OBJECTIVE With the availability of recombinant insulin-like growth factor-I (recIGF-I), it was possible to study whether this peptide could promote growth without noticeable side-effects in patients with growth hormone insensitivity syndrome (Laron syndrome). We report data obtained before and during 17 months treatment using recIGF-I, 40 μg/kg s.c. twice a day, in two Lebanese siblings.

PATIENTS The boy and the girl showed very short stature (-6.8 and −6.1 SDS), high GH (79 and 147 IU/I), low plasma IGF-I (0.12 and 0.18 U/ml) and undetectable GH-binding protein. Height velocities were 4.3 and 3.8 cm/year before treatment which started at 8.4 and 6.8 years of age, respectively.

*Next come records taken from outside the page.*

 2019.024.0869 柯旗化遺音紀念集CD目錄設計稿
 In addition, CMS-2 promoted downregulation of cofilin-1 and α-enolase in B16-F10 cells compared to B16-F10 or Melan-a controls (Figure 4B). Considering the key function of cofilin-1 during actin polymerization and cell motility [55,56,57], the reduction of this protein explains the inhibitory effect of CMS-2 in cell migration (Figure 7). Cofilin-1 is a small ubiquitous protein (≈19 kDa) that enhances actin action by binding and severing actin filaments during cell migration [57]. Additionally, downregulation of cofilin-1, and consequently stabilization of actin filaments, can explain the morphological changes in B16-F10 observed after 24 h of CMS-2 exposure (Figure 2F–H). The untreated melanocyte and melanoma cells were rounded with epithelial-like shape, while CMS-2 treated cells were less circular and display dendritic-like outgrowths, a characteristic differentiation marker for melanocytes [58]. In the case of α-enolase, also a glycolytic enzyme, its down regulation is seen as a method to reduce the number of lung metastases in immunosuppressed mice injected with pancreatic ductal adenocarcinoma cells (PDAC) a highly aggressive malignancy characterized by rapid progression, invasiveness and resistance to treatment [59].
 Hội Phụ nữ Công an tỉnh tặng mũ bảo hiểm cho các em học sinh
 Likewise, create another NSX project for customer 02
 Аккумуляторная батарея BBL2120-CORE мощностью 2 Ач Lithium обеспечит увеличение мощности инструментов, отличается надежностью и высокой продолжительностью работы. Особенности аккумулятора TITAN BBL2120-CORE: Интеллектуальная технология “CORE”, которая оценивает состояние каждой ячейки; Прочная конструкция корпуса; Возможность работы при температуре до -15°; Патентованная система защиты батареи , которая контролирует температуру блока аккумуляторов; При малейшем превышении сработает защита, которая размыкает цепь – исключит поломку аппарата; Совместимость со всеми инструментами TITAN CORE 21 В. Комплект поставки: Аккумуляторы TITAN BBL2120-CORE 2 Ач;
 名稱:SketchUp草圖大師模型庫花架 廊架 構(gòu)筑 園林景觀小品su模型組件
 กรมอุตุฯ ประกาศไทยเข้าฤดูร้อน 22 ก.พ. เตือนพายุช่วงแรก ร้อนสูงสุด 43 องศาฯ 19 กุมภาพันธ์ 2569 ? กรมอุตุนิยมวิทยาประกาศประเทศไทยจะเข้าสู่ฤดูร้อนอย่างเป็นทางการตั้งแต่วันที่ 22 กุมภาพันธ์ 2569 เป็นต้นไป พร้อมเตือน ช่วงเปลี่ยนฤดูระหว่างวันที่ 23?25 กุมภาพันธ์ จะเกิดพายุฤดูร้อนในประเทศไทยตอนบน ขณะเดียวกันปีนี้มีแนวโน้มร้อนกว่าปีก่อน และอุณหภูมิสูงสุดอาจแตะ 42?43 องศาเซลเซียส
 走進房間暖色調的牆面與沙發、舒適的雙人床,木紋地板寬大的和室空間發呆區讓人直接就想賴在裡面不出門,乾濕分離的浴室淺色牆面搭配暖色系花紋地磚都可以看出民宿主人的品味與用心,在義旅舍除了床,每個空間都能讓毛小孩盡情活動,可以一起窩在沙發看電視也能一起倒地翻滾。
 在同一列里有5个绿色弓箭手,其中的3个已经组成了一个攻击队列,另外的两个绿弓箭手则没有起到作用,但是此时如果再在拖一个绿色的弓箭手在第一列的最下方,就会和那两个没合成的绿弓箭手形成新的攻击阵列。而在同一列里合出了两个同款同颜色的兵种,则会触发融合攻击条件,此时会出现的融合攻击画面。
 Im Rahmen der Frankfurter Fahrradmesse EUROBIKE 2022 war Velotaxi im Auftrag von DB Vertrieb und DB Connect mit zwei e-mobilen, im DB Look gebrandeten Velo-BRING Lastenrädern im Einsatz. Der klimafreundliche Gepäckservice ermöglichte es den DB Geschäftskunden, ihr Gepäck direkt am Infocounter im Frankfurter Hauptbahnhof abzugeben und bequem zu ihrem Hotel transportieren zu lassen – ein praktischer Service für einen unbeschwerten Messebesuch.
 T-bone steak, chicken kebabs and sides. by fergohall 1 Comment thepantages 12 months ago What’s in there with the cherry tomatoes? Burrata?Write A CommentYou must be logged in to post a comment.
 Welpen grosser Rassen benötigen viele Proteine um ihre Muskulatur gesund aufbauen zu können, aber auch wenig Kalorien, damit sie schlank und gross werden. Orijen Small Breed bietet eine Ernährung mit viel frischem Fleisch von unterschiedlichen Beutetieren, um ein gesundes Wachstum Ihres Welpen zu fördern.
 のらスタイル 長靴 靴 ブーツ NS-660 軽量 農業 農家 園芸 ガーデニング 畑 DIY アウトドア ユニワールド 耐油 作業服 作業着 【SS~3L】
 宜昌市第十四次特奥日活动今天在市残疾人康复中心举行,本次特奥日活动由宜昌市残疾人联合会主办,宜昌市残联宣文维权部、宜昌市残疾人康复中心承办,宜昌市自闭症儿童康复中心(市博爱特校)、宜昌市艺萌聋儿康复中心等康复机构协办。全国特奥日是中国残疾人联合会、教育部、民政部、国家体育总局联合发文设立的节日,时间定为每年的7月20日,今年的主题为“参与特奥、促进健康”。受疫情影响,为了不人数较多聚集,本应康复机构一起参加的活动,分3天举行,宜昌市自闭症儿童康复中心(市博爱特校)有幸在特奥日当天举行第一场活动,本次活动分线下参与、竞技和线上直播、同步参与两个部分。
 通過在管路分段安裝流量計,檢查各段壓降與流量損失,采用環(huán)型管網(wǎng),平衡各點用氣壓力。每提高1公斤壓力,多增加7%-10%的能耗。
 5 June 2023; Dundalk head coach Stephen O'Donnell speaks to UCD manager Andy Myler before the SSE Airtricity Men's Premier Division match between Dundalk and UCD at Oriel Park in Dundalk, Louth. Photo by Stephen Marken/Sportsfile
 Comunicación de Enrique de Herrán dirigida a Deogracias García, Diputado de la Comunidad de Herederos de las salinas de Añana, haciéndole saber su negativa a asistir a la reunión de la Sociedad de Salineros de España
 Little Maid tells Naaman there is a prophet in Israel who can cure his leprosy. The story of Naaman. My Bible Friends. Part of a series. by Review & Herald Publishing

RESULTS After 1–8 weeks of therapy, biological evidence of IGF-I effect was obtained from reduction in serum GH and increase in procollagen-I. During the first 6 months of treatment, height velocity increased to 7.8 and 8.4 cm/year without any clinical evidence of side-effects. Between 6 and 12 months, growth response decreased to 6.6 and 6.3 cm/year. Between 12 and 17 months, growth rate returned to pretreatment values. Changes in bone mineral density paralleled growth response and bone maturation increased by 1 5 and 2 0 years during the first 12 months of treatment. Daily assessment of blood sugar showed asymptomatic low values (< 2 8 mM/I) in 11/730 and 22/730 measurements in the boy and the girl, respectively.

CONCLUSIONS Treatment of two patients with growth hormone insensitivity syndrome using 40 μ g/kg of IGF-I twice a day resulted in increased linear bone growth and bone mineralization as well as increased bone maturation without remarkable adverse events. After 1 year of therapy, growth response could no longer be observed in these two patients.